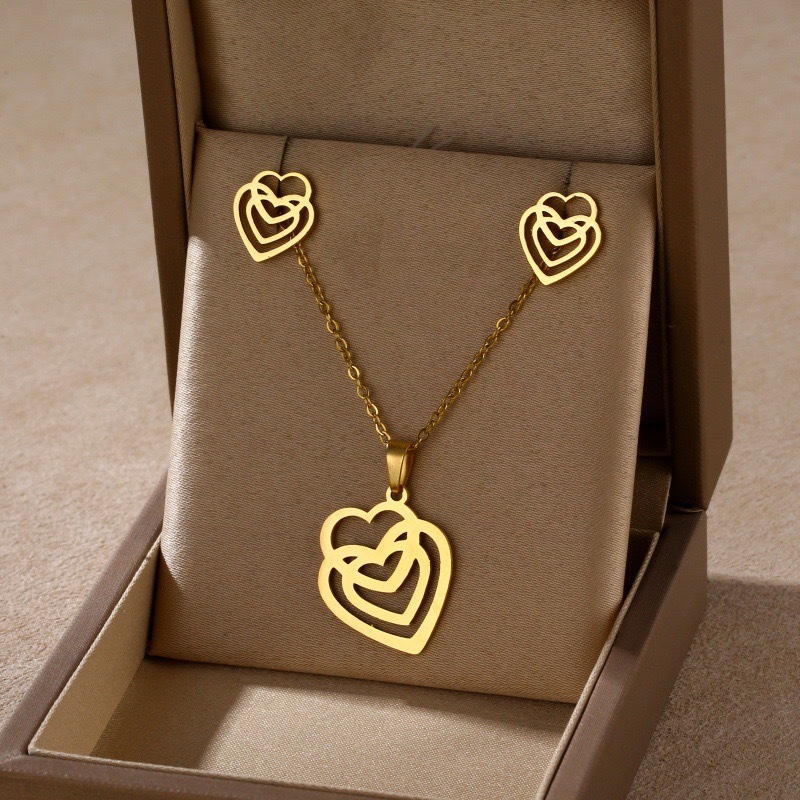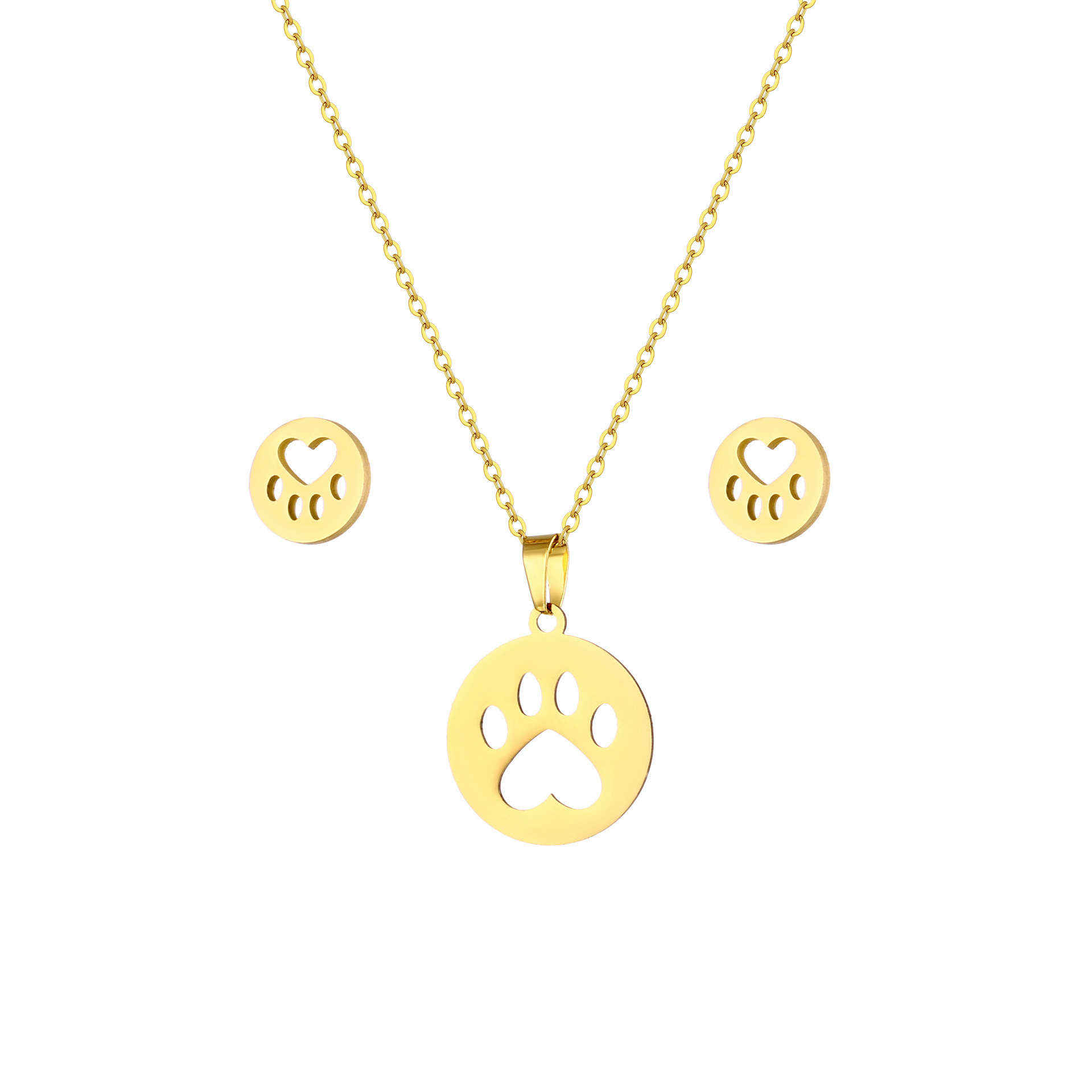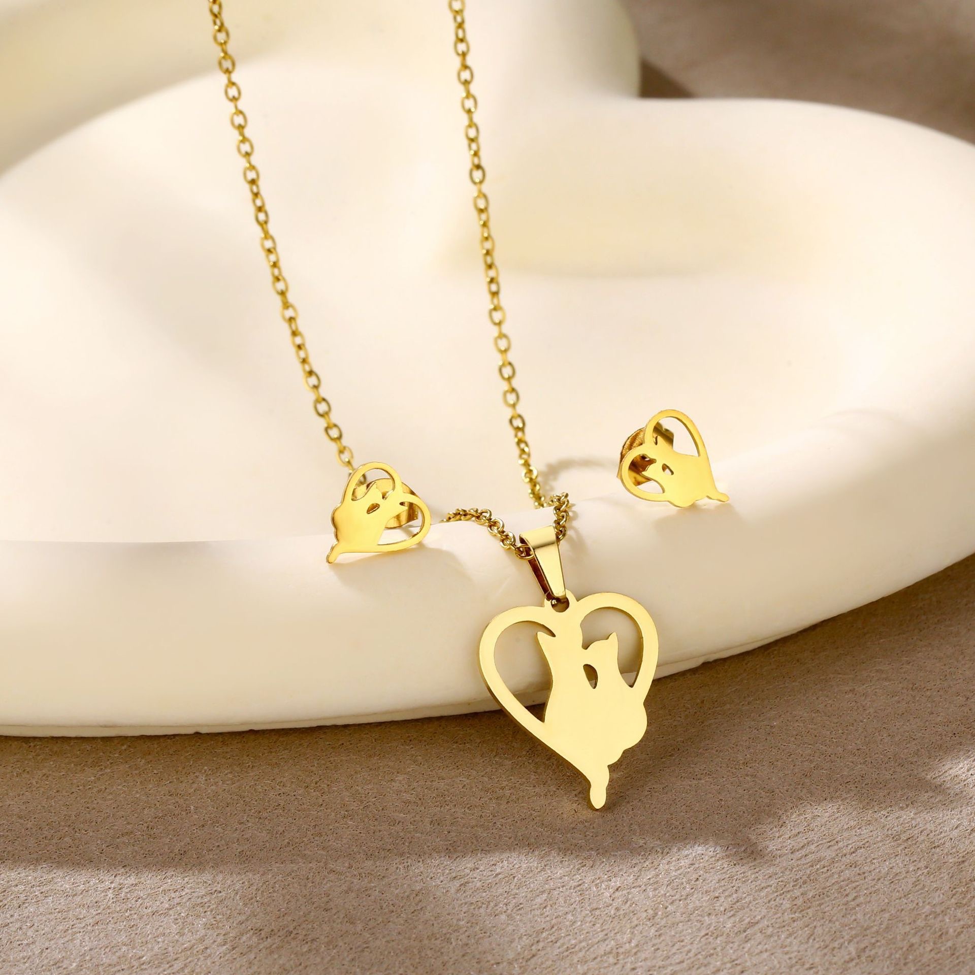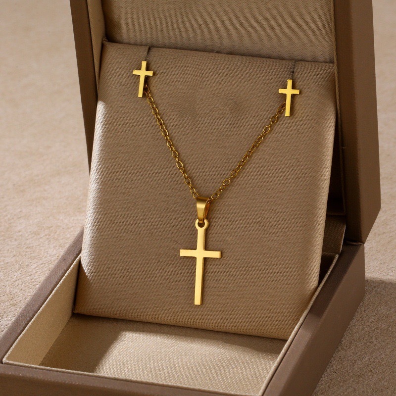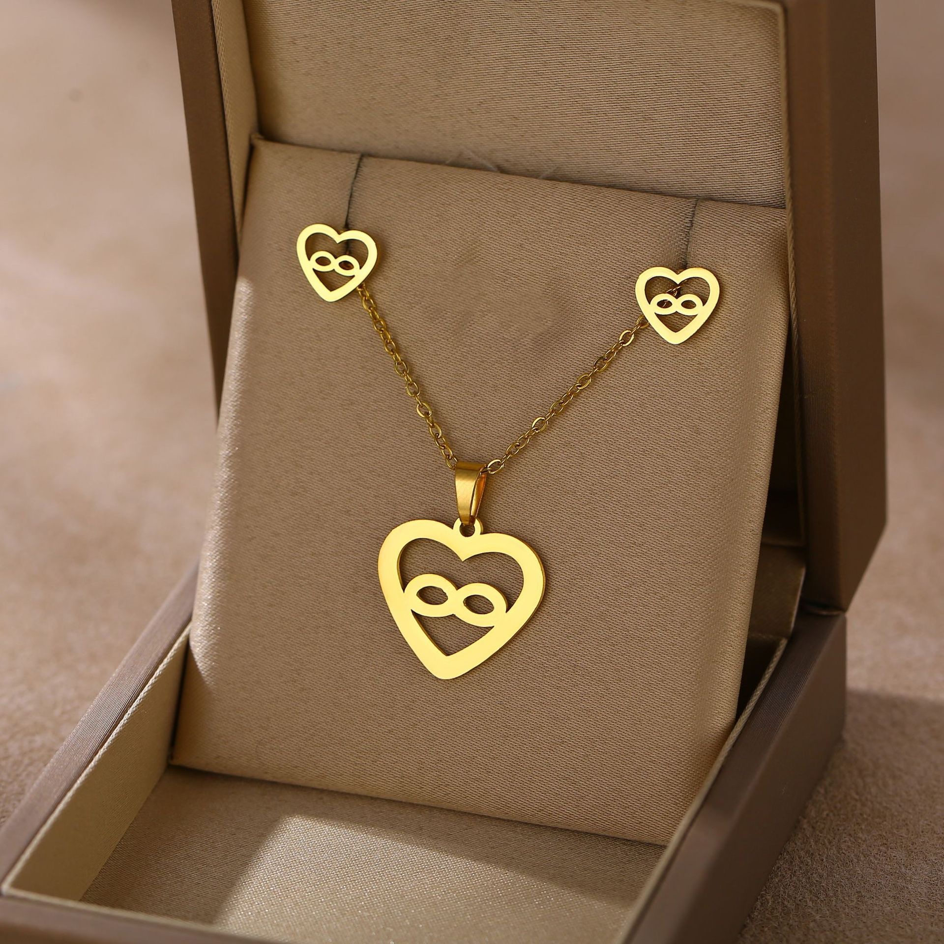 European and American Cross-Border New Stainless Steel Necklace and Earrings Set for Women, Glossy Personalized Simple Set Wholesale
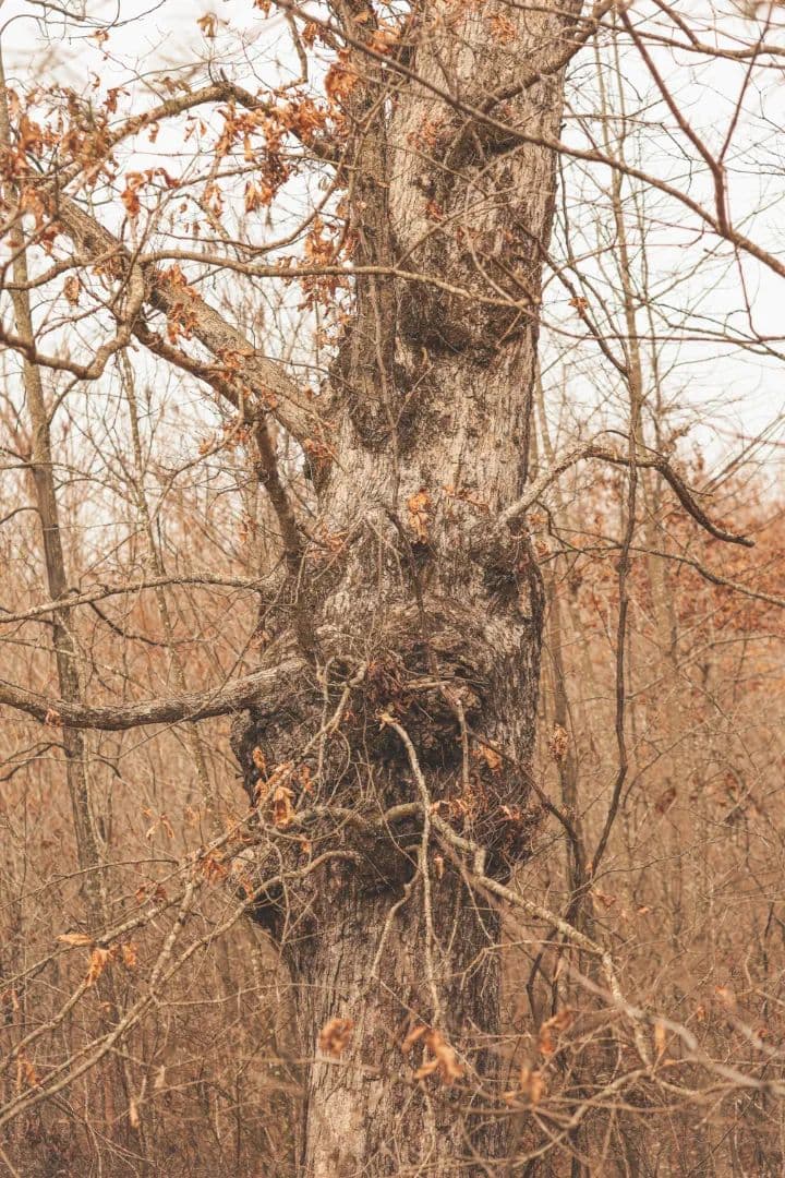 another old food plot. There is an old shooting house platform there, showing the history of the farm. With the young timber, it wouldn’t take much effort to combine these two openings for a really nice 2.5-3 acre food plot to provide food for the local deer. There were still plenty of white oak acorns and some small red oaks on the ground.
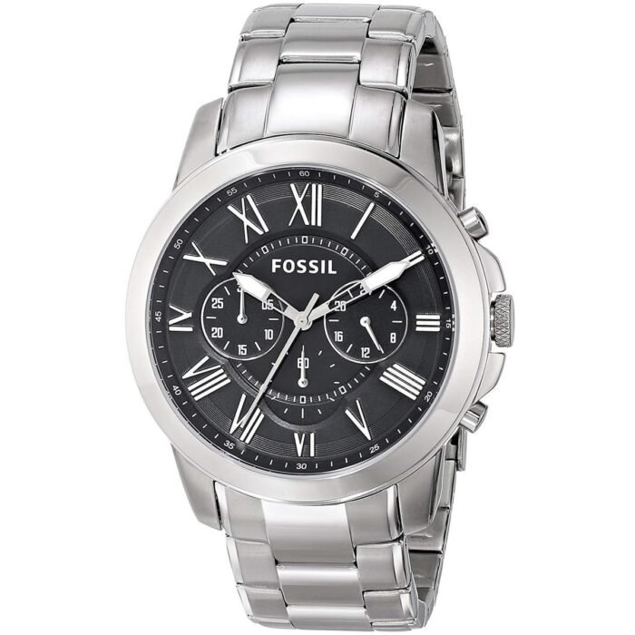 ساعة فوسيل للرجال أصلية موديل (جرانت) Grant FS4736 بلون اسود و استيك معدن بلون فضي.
::::::::
Transcribe the material above in full. No picture is to be copied.

Exercise answer:
 European and American Cross-Border New Stainless Steel Necklace and Earrings Set for Women, Glossy Personalized Simple Set Wholesale
 another old food plot. There is an old shooting house platform there, showing the history of the farm. With the young timber, it wouldn’t take much effort to combine these two openings for a really nice 2.5-3 acre food plot to provide food for the local deer. There were still plenty of white oak acorns and some small red oaks on the ground.
 ساعة فوسيل للرجال أصلية موديل (جرانت) Grant FS4736 بلون اسود و استيك معدن بلون فضي.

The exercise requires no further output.